DATA SHOWN
== Segment start ==

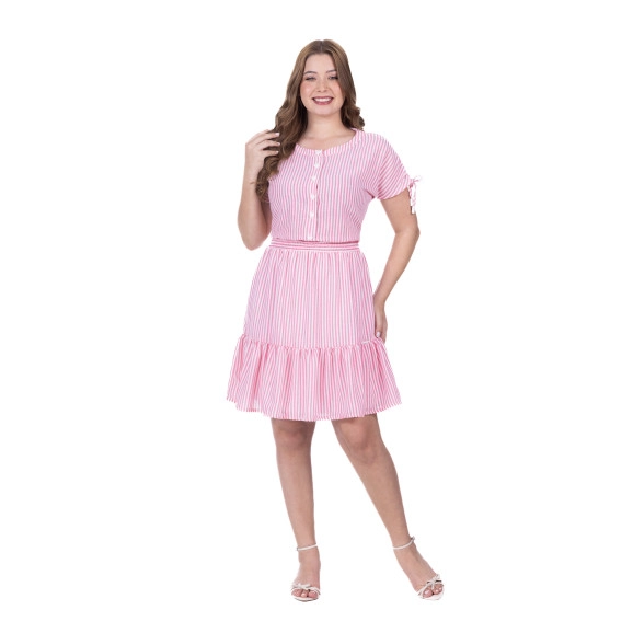 Vestido confeccionado em tecido plano listrado,
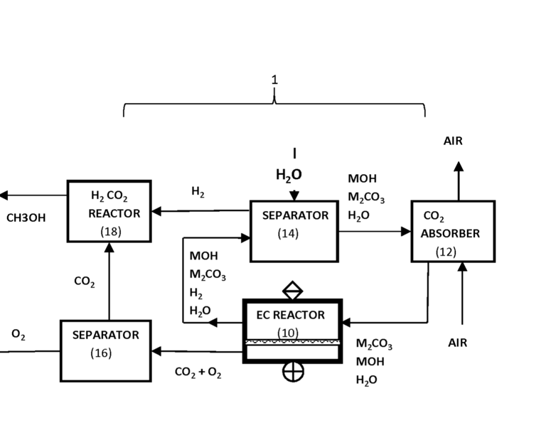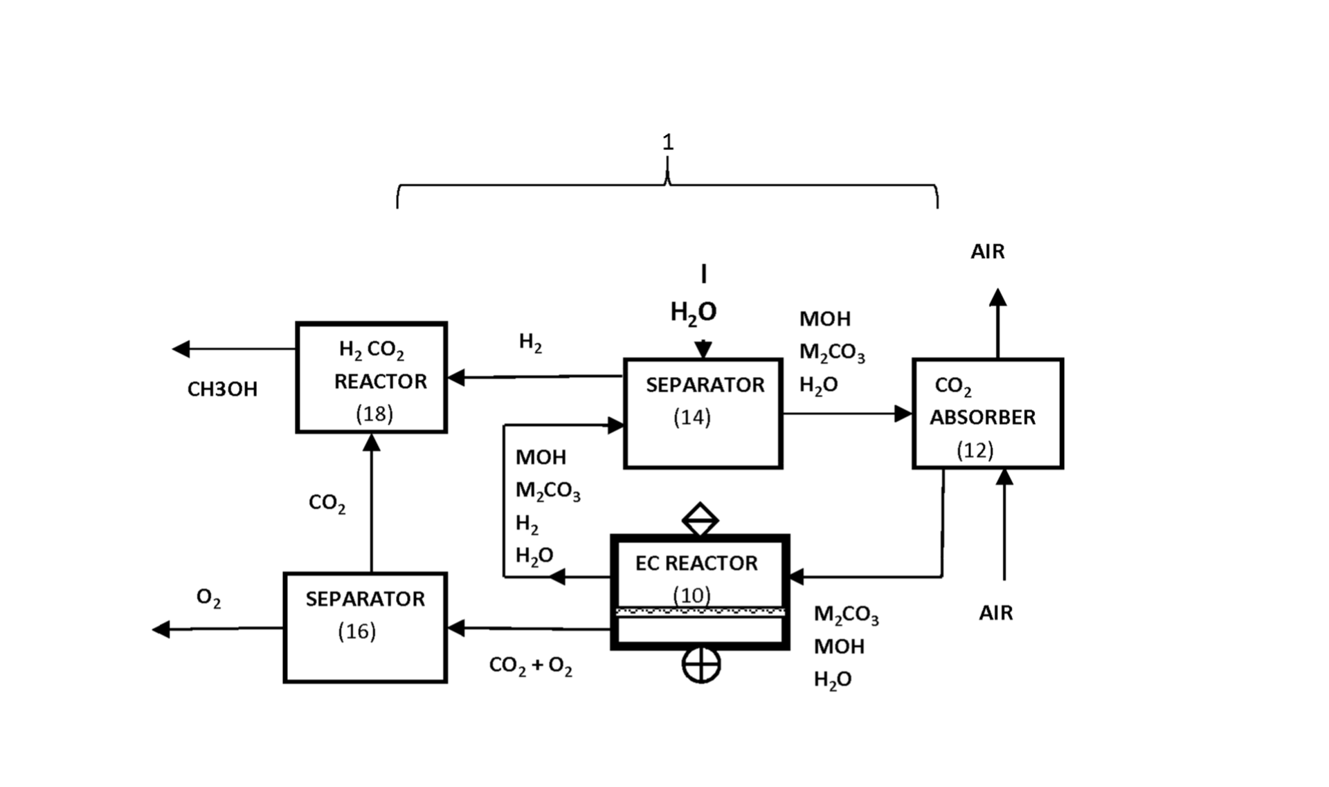 This system provides an efficient way to recycle key materials—hydroxide and carbon dioxide—from a chemical called alkali metal carbonate using an electrochemical reactor instead of a conventional heat-based process. The reactor separates these components through an electrochemical process:
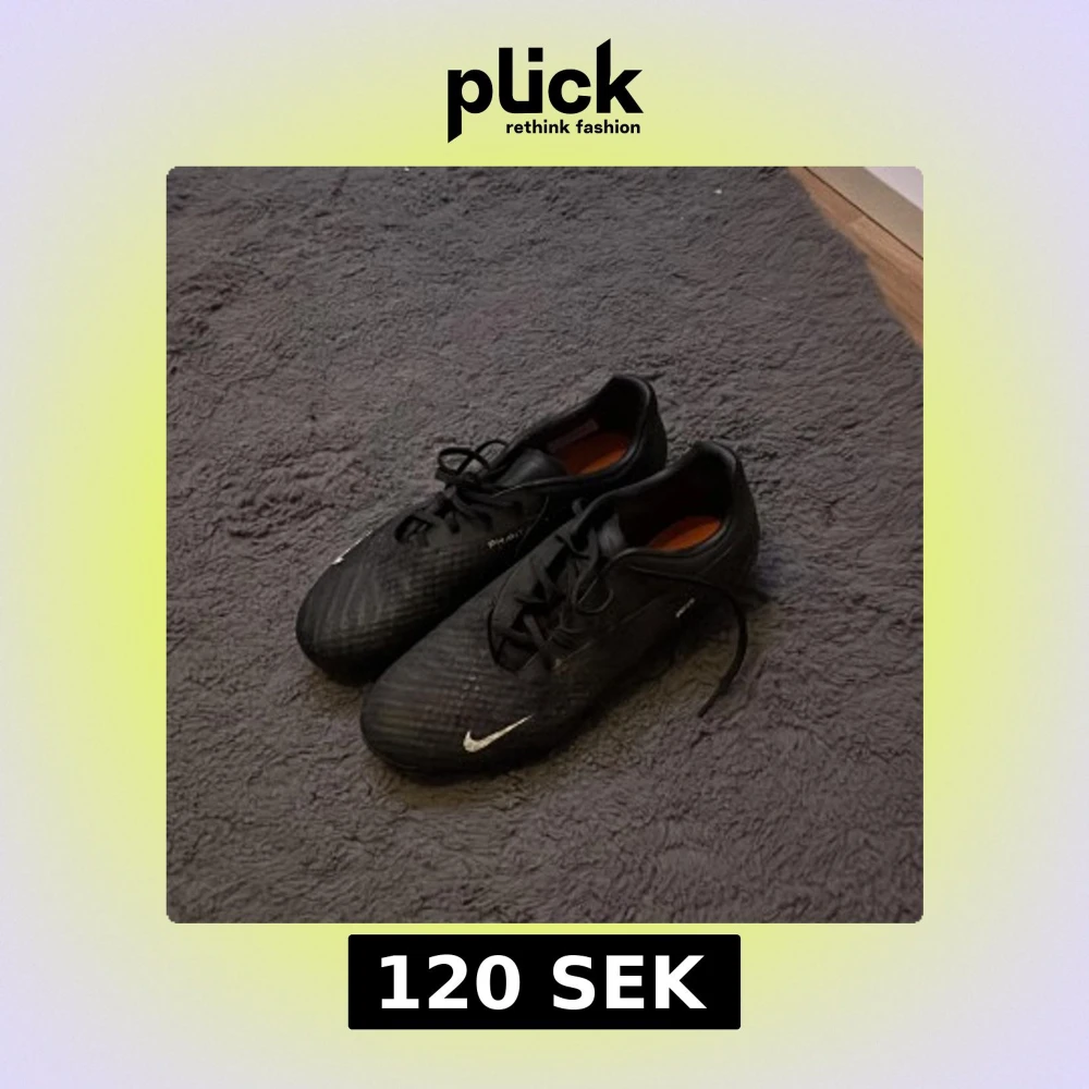 Säljer ett par svarta Nike Phantom GT2 fotbollsskor med orange dobbar och vit swoosh på sidan. Skorna har snörning och är tillverkade i syntetmaterial med en rund tå och platt sula. Perfekta för dig som vill ha grym kontroll på planen.
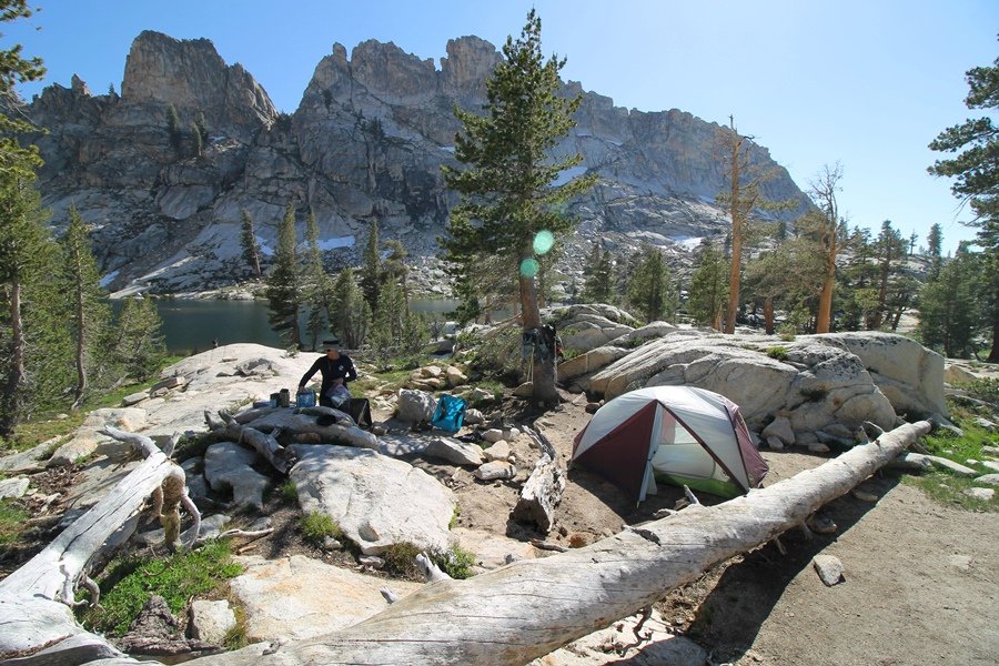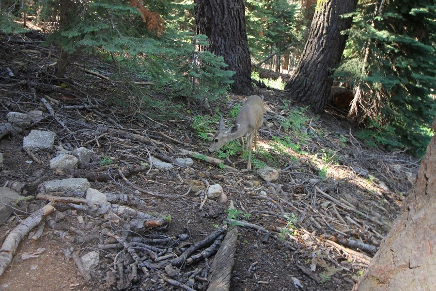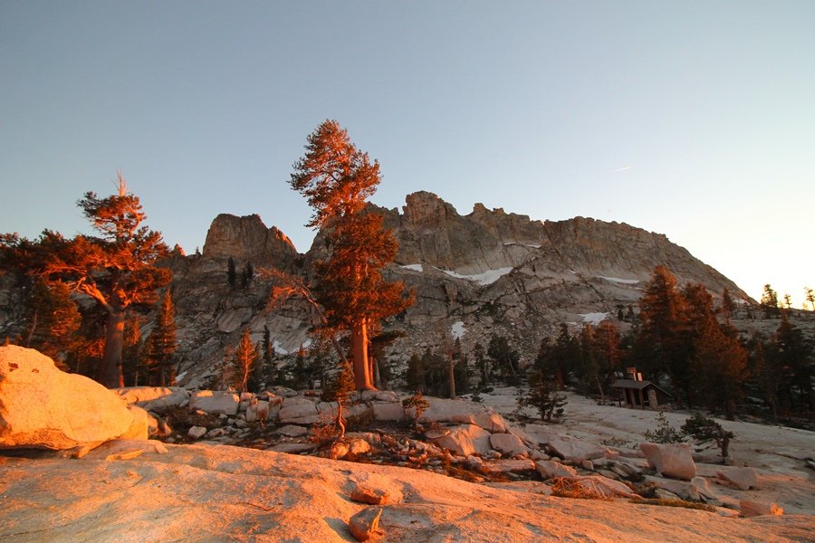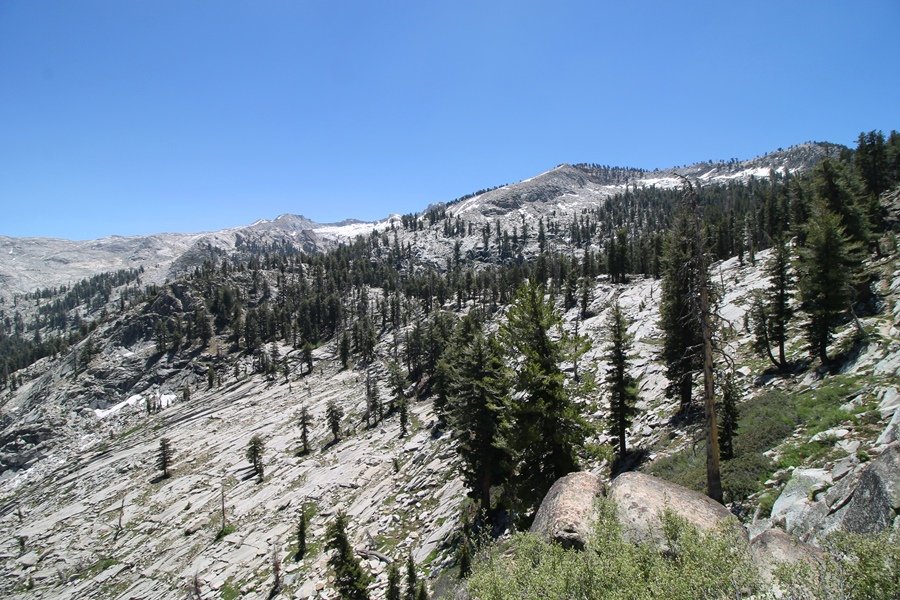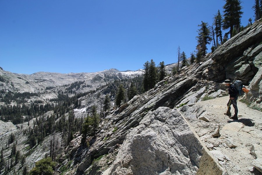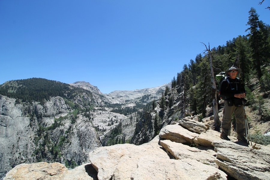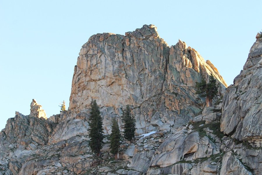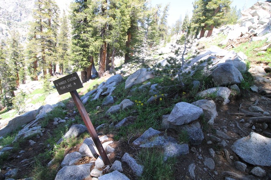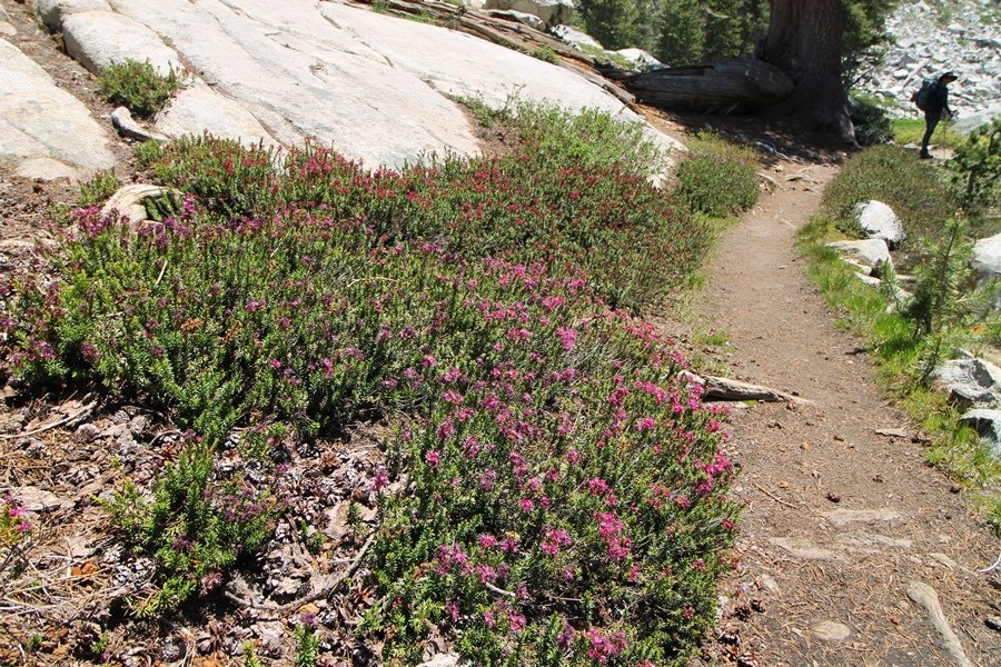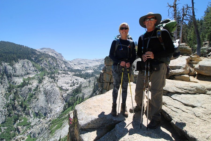 We’ve been hiking with full packs the past couple of months in preparation for our upcoming six-day backpack trip in Yosemite, and this particular weekend had long been slated for a shorter practice excursion, a shakedown cruise of sorts to prove out both our gear and our ability. We’ve had a wilderness permit since February to visit Little Lakes Valley near Bishop, but concerns about still-melting snow and associated clouds of mosquitos had us looking elsewhere for destinations. Pear Lake in Sequoia National Park has long been on our list of places to go, and it rather quickly sprung to the top of our list of possible trips for this weekend – since the park does not take permit reservations in advance for Pear Lake, we figured we could simply show up at the ranger station at first light Friday morning and not be at a disadvantage getting a last minute permit. So, after spending Thursday night in a pricey but convenient motel room in Three Rivers, we arrived at the Lodgepole visitor center at 6:15am Friday to find three other parties standing at the locked doors ahead of us – once the rangers opened up the facility at 7:00, we found out only one of those groups was headed to Pear Lake, and we got our permit without any trouble. By 8:30am, we were at the Wolverton trailhead and ready to head out. The Lakes trail heads east from Wolverton, first up a gentle ridgeline before bending southeast and climbing through the Panther Creek drainage. About two miles from Wolverton, the trail splits off northward, splitting again after a short distance into two parallel tracks, the left fork continuing north to a 1,000′-tall granite monolith called The Watchtower, the right fork climbing more earnestly eastward over The Hump, a ridge separating Panther Creek from the Heather Lake basin adjacent to the east – the two trails reunite at Heather Lake, which we had targeted as our likely lunch spot. Beyond Heather Lake, the trail ascends around another intervening ridge before dropping into the Emerald Lake cirque, then ascending again around a third ridge before making a final climb to Pear Lake at 9,500+’ – all told, the trail to Pear Lake is nominally 6.2 miles (although the Watchtower route adds about 0.3 miles to the total distance) with some 2,500′ of elevation gain. Leaving Wolverton, we immediately felt the increased weight of our packs – the additions of food and extra clothing meant both our packs were now over 30 lbs., and we necessarily shifted our respective loads around within the first half mile, leaving Jane with about 28 lbs. while Chris carried about 35. Luckily, the trail gradient is quite moderate over the first few miles through very pretty forest. There were lots of hikers on this popular trail, most folks with day packs who were going further up the Alta trail to Panther Gap or Mehrten Meadow located south and east of our turnoff up the Lakes trail. We passed a nonchalant doe grazing along the trail, entirely undisturbed by the curious bipeds wandering by – she must be used to us. After turning north, the Lakes trail steepens a bit as it gradually climbs for a mile, emerging after two short switchbacks at the top of The Watchtower – its rounded crown, which is a steep scramble from below the trail to the west, appears as just a minor outcropping, until one realizes the vertigo-inducing sheerness of the drop on its north and east sides. Some other hikers took our photo here, and it was one of the most photogenic spots of the whole hike – this trail closes whenever ice and snow are present, so it’s a must-do in the summer. We continued east and south, first along the clifftops and then across more moderate slopes into the Heather Lake basin – we ate our salami-and-cheese lunch admiring the reflection in the water of the mountains above. We had taken our time on this hike so far as it was about 12:30pm when we got to Heather Lake – leaving about 1pm, we went even slower up to Emerald Lake (the trail passes below the lake to the north, but the views over the smaller Aster Lake further down the basin are marvelous) before exiting that cirque northward and rounding the ridge into the Pear Lake bowl. Here, the views east opened up and the last few hundred yards, though tiring at the end of our long climb under heavy loads, were some of the most enjoyable of the day. Camping at Pear Lake is limited to the ten numbered sites only – four are located west of the lake’s outlet while the balance are on the far side. Stopping briefly near the outlet for pictures of the stunning scenery, we wandered past and found only one site already occupied – having been told by the rangers to expect a full campground, we were astonished that we were the first party to arrive that day, given our very slow pace, but that left us with a number of campsite choices. We found #8 most to our liking – the furthest east, we were separated from the other eastern sites by some large rocks, and yet had a nice view of the lake below and some connecting slabs down which we could walk for water (the vault toilets are also conveniently nearby). A ranger was in residence at the station a few hundred yards down the slope, and she came by to check our permit, noting that the pesky marmots has already gnawed the grips of our trekking poles which we had left laying against a log while we had scouted campsites – we made sure to hang our gear 3-4 feet off the ground after that. After setting up camp, we lounged for a bit before cooking our dinner of mac-and-cheese with bacon bits added – it was heavenly, no lie. As the sun set later in the evening, the alpenglow lit up the walls of the cirque behind our camp and the east side of the bowl to the south, making for a glorious display of color to close out the day. A wonderful Day One of three…

== Segment end ==

With every picture omitted, write out the material exactly from its first line through the line containing "Säljer ett par".

SOLUTION BELOW
 Vestido confeccionado em tecido plano listrado,
 This system provides an efficient way to recycle key materials—hydroxide and carbon dioxide—from a chemical called alkali metal carbonate using an electrochemical reactor instead of a conventional heat-based process. The reactor separates these components through an electrochemical process:
 Säljer ett par svarta Nike Phantom GT2 fotbollsskor med orange dobbar och vit swoosh på sidan. Skorna har snörning och är tillverkade i syntetmaterial med en rund tå och platt sula. Perfekta för dig som vill ha grym kontroll på planen.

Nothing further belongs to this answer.